WORK REQUIRED
Repeat each entry exactly. Drop every image.

Saved entries
● ● ● ●

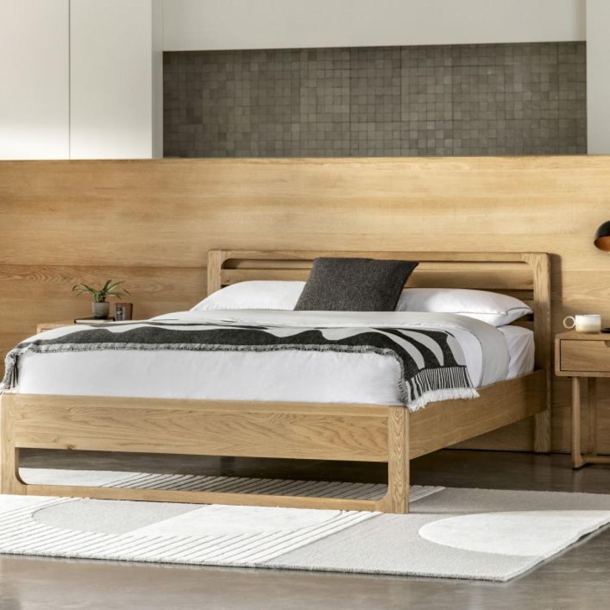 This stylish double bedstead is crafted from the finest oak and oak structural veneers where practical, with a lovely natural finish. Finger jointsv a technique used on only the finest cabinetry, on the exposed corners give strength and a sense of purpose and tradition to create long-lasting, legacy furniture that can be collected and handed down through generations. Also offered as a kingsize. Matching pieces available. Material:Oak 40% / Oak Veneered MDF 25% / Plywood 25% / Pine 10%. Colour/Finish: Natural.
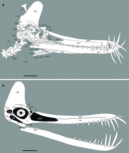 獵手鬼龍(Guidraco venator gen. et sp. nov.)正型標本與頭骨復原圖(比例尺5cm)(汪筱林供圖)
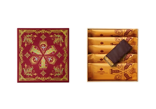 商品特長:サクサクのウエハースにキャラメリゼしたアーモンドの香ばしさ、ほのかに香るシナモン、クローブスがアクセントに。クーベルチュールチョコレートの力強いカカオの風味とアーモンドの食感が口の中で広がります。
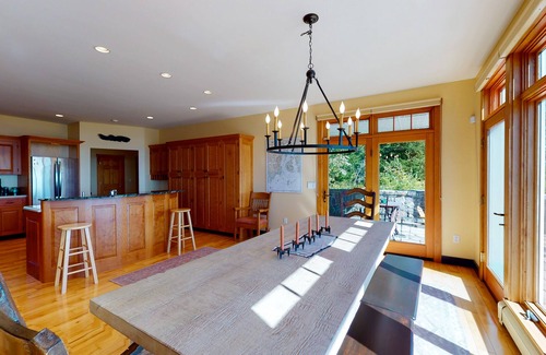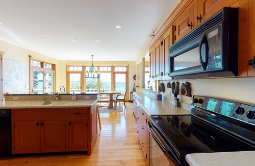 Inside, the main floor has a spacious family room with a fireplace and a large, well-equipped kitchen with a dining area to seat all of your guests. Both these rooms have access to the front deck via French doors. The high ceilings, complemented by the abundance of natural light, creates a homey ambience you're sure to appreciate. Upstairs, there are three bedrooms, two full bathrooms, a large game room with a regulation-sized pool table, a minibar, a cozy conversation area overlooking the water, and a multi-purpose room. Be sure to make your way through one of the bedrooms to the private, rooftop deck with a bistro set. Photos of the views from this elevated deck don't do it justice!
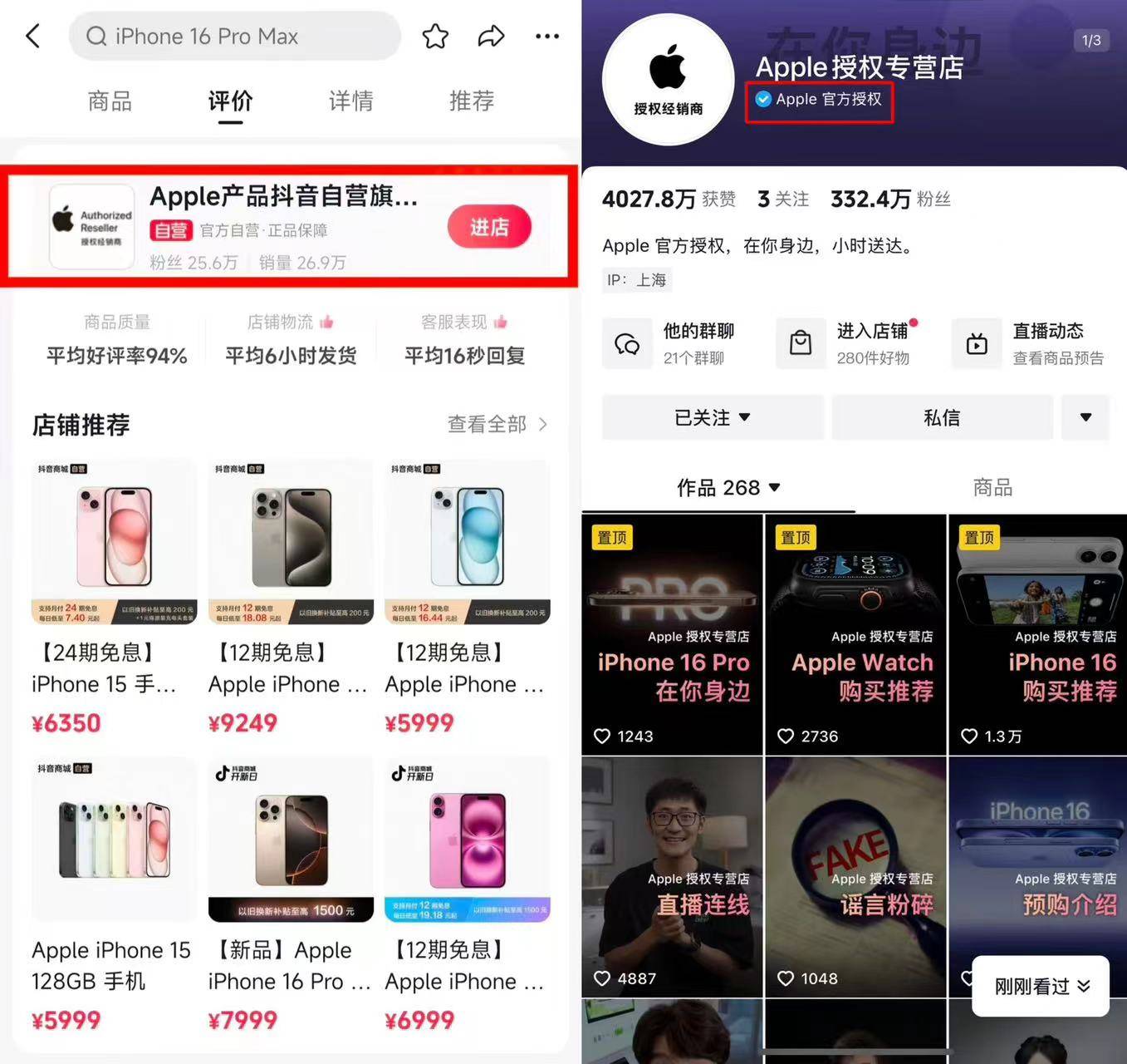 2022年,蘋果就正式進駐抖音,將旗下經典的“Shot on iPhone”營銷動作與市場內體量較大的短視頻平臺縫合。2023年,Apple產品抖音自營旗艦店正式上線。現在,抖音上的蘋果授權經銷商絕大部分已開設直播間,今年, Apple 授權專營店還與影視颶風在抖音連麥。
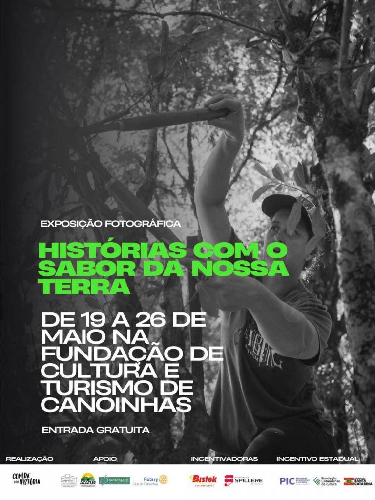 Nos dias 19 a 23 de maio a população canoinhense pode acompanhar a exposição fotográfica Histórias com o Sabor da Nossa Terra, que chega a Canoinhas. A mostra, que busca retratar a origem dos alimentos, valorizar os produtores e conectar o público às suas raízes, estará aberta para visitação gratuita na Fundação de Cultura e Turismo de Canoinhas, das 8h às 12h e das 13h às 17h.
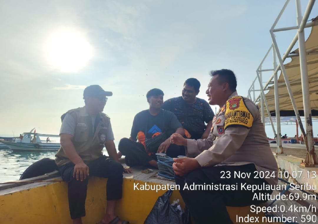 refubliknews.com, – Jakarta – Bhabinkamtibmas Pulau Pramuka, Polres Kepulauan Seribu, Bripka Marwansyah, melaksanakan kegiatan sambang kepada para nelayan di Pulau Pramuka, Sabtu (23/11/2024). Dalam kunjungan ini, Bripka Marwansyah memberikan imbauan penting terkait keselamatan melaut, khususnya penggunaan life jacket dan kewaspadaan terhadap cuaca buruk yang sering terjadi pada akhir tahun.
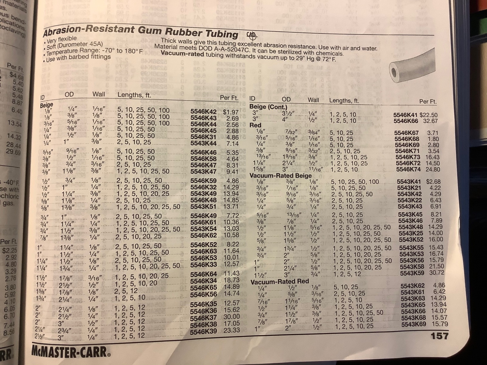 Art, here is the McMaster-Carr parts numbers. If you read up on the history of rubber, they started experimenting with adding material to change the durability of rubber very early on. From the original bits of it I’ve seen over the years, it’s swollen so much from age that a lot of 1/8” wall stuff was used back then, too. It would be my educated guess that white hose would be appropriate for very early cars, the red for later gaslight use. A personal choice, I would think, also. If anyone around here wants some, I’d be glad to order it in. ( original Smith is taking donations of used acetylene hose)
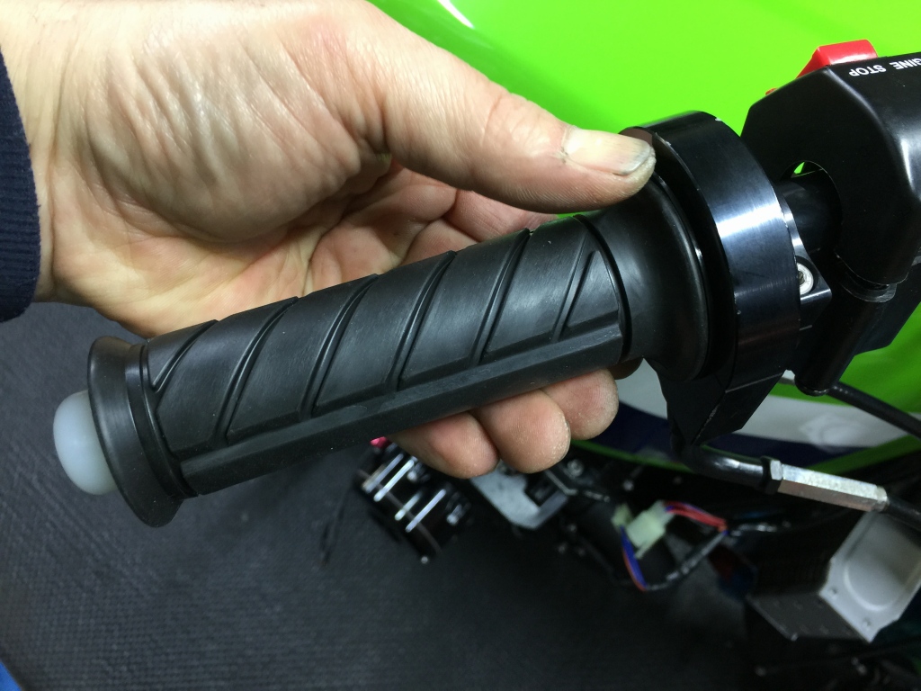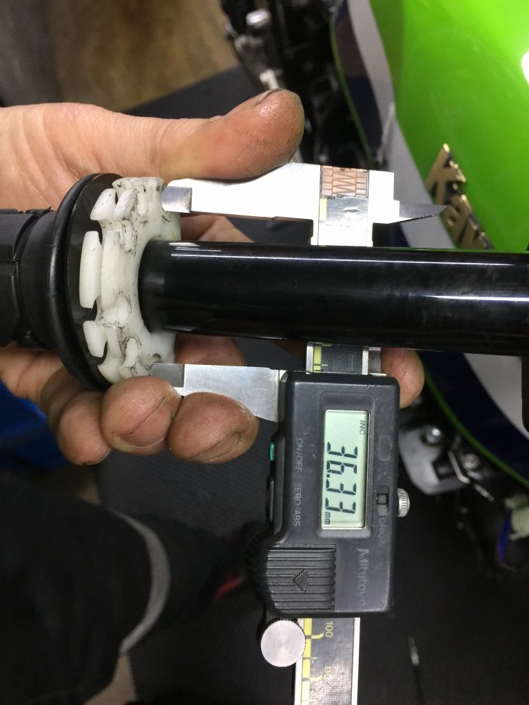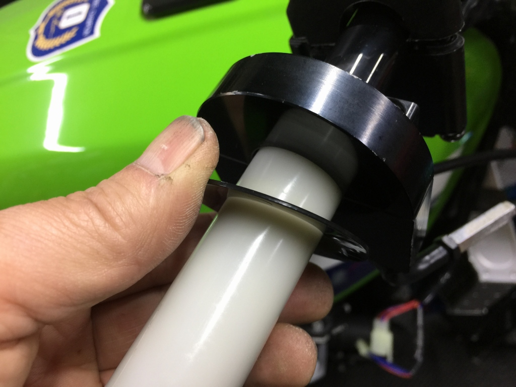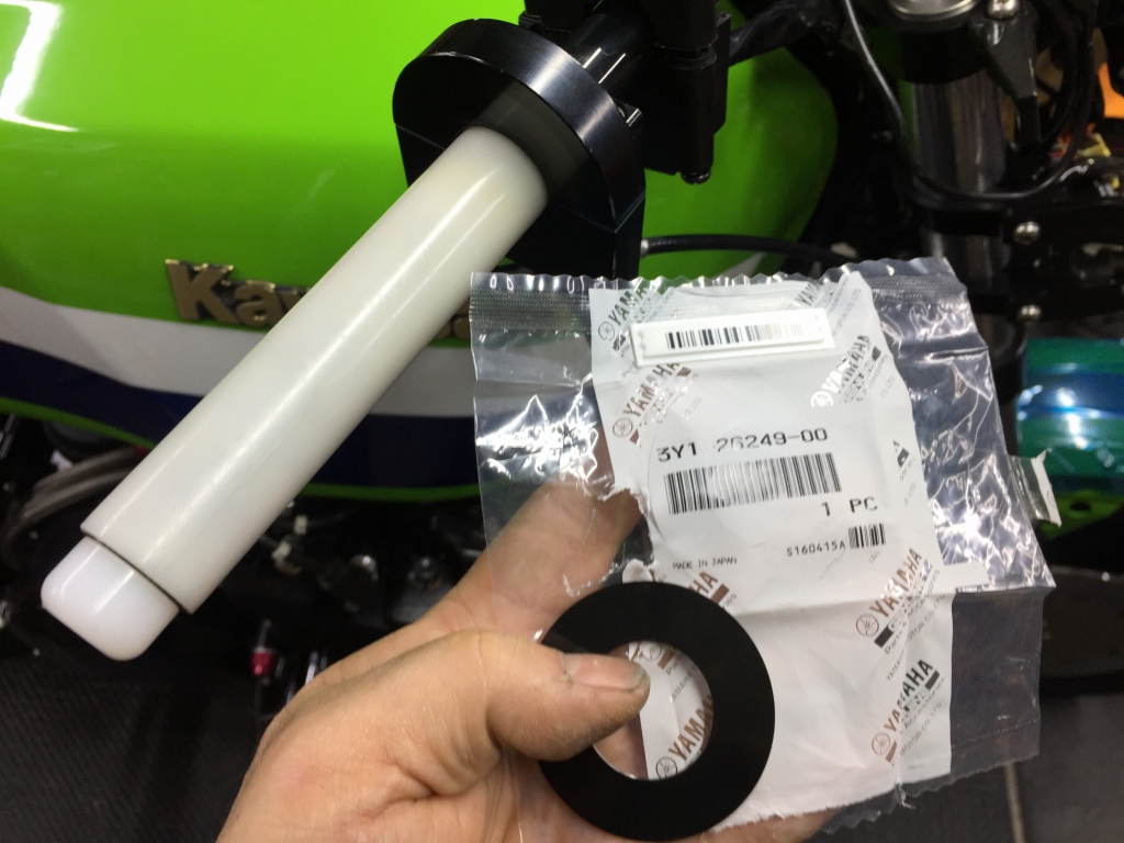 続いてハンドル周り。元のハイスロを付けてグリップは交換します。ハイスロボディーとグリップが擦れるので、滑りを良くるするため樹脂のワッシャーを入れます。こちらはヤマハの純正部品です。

● ● ● ●

ANSWER TO THIS EXERCISE
 This stylish double bedstead is crafted from the finest oak and oak structural veneers where practical, with a lovely natural finish. Finger jointsv a technique used on only the finest cabinetry, on the exposed corners give strength and a sense of purpose and tradition to create long-lasting, legacy furniture that can be collected and handed down through generations. Also offered as a kingsize. Matching pieces available. Material:Oak 40% / Oak Veneered MDF 25% / Plywood 25% / Pine 10%. Colour/Finish: Natural.
 獵手鬼龍(Guidraco venator gen. et sp. nov.)正型標本與頭骨復原圖(比例尺5cm)(汪筱林供圖)
 商品特長:サクサクのウエハースにキャラメリゼしたアーモンドの香ばしさ、ほのかに香るシナモン、クローブスがアクセントに。クーベルチュールチョコレートの力強いカカオの風味とアーモンドの食感が口の中で広がります。
 Inside, the main floor has a spacious family room with a fireplace and a large, well-equipped kitchen with a dining area to seat all of your guests. Both these rooms have access to the front deck via French doors. The high ceilings, complemented by the abundance of natural light, creates a homey ambience you're sure to appreciate. Upstairs, there are three bedrooms, two full bathrooms, a large game room with a regulation-sized pool table, a minibar, a cozy conversation area overlooking the water, and a multi-purpose room. Be sure to make your way through one of the bedrooms to the private, rooftop deck with a bistro set. Photos of the views from this elevated deck don't do it justice!
 2022年,蘋果就正式進駐抖音,將旗下經典的“Shot on iPhone”營銷動作與市場內體量較大的短視頻平臺縫合。2023年,Apple產品抖音自營旗艦店正式上線。現在,抖音上的蘋果授權經銷商絕大部分已開設直播間,今年, Apple 授權專營店還與影視颶風在抖音連麥。
 Nos dias 19 a 23 de maio a população canoinhense pode acompanhar a exposição fotográfica Histórias com o Sabor da Nossa Terra, que chega a Canoinhas. A mostra, que busca retratar a origem dos alimentos, valorizar os produtores e conectar o público às suas raízes, estará aberta para visitação gratuita na Fundação de Cultura e Turismo de Canoinhas, das 8h às 12h e das 13h às 17h.
 refubliknews.com, – Jakarta – Bhabinkamtibmas Pulau Pramuka, Polres Kepulauan Seribu, Bripka Marwansyah, melaksanakan kegiatan sambang kepada para nelayan di Pulau Pramuka, Sabtu (23/11/2024). Dalam kunjungan ini, Bripka Marwansyah memberikan imbauan penting terkait keselamatan melaut, khususnya penggunaan life jacket dan kewaspadaan terhadap cuaca buruk yang sering terjadi pada akhir tahun.
 Art, here is the McMaster-Carr parts numbers. If you read up on the history of rubber, they started experimenting with adding material to change the durability of rubber very early on. From the original bits of it I’ve seen over the years, it’s swollen so much from age that a lot of 1/8” wall stuff was used back then, too. It would be my educated guess that white hose would be appropriate for very early cars, the red for later gaslight use. A personal choice, I would think, also. If anyone around here wants some, I’d be glad to order it in. ( original Smith is taking donations of used acetylene hose)
 続いてハンドル周り。元のハイスロを付けてグリップは交換します。ハイスロボディーとグリップが擦れるので、滑りを良くるするため樹脂のワッシャーを入れます。こちらはヤマハの純正部品です。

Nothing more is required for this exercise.